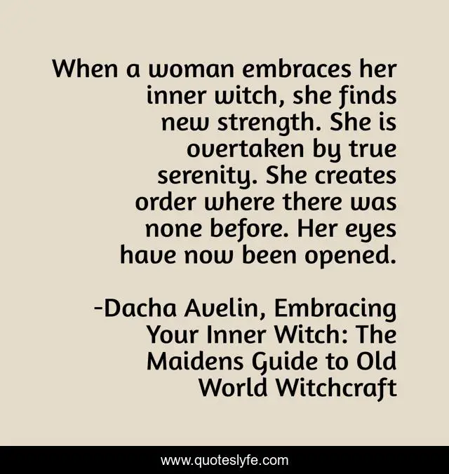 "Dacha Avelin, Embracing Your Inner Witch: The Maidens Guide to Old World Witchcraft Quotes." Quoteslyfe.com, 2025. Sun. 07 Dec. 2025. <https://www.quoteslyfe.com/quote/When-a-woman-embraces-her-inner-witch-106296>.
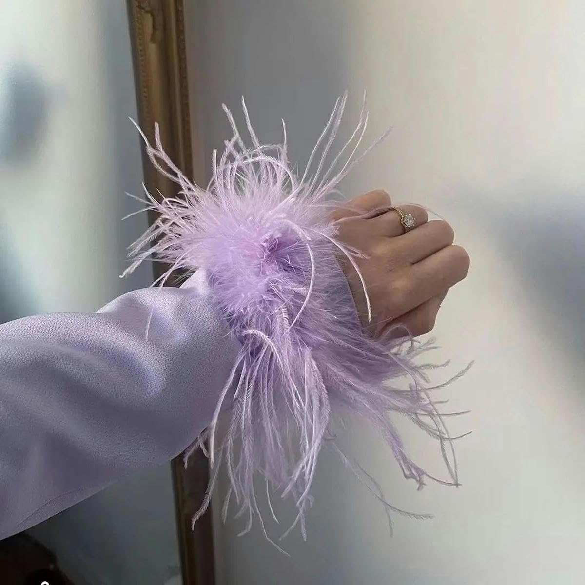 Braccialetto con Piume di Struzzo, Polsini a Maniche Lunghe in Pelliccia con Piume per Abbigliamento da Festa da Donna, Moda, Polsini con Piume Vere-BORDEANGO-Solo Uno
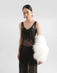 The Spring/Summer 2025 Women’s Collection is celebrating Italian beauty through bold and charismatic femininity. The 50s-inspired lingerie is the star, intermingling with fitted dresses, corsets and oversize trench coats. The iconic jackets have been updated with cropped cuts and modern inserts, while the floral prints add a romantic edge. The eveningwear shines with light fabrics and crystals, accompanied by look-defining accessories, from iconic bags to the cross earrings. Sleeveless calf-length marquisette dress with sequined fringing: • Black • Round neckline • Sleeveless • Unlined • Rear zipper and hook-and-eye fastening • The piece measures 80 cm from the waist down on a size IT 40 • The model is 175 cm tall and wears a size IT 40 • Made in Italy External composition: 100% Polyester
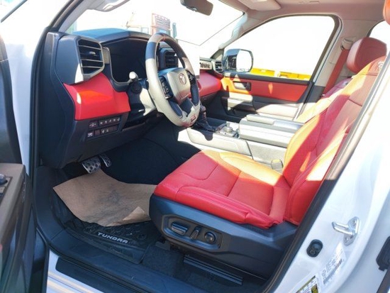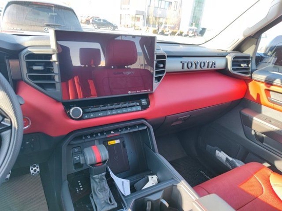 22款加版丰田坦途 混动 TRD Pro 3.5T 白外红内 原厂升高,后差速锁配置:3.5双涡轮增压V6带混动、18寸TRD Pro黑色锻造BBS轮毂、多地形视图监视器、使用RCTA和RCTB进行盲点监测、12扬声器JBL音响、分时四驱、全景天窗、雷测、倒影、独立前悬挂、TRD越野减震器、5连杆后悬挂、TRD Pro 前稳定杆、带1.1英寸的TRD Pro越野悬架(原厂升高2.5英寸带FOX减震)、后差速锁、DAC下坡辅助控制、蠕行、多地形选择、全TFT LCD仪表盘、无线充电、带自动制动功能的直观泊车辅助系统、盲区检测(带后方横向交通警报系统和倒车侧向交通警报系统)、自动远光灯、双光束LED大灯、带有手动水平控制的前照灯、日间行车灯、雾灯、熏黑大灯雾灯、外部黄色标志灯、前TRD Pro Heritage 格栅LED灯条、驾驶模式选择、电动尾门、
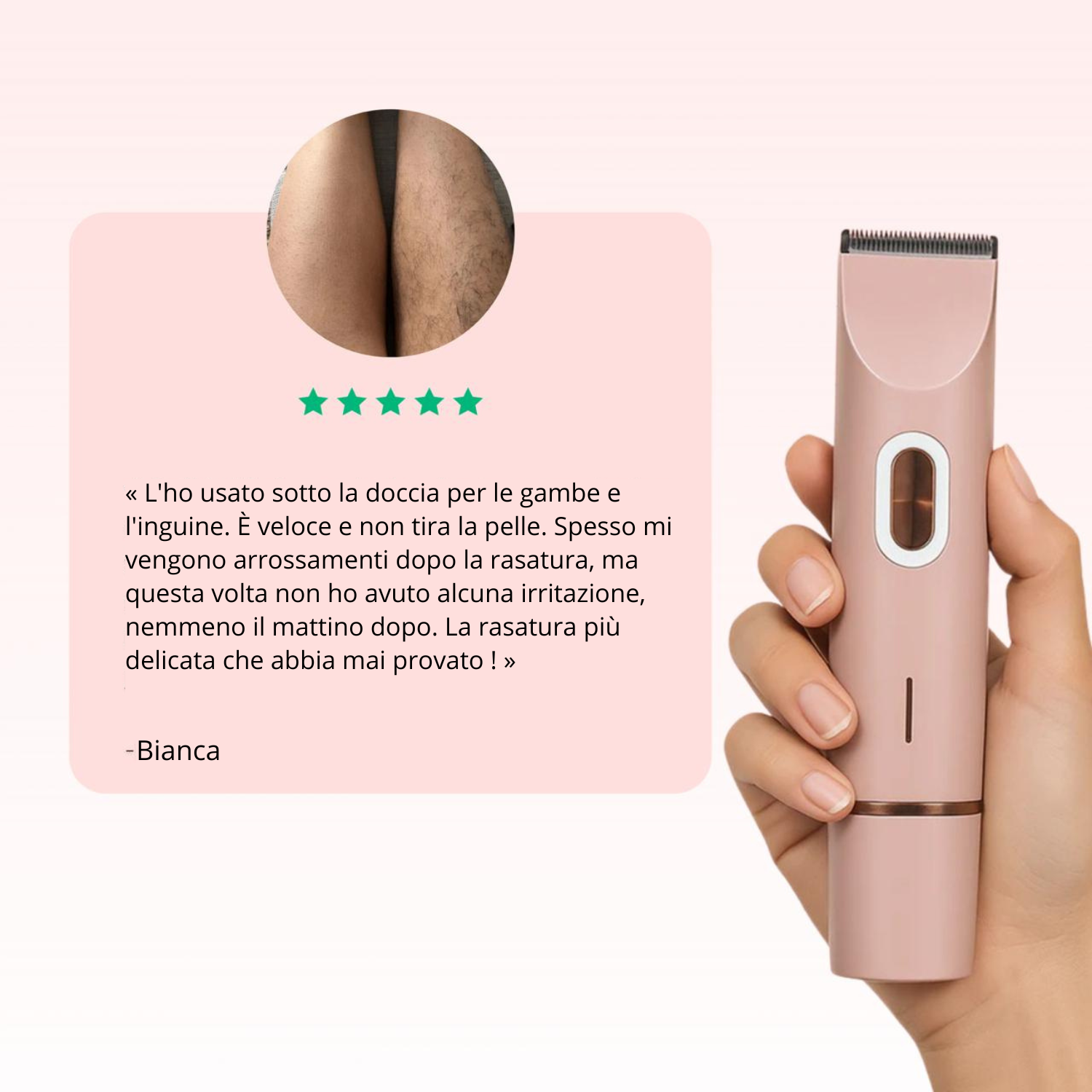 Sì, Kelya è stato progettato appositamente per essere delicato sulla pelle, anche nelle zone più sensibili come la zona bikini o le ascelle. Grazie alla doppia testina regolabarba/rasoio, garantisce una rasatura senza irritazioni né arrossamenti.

What you should do ▸ Pictures stay out. Transcribe the lines from the start of the entries above through the line with "Braccialetto con Piume", exactly.

The completed task ▸
 "Dacha Avelin, Embracing Your Inner Witch: The Maidens Guide to Old World Witchcraft Quotes." Quoteslyfe.com, 2025. Sun. 07 Dec. 2025. <https://www.quoteslyfe.com/quote/When-a-woman-embraces-her-inner-witch-106296>.
 Braccialetto con Piume di Struzzo, Polsini a Maniche Lunghe in Pelliccia con Piume per Abbigliamento da Festa da Donna, Moda, Polsini con Piume Vere-BORDEANGO-Solo Uno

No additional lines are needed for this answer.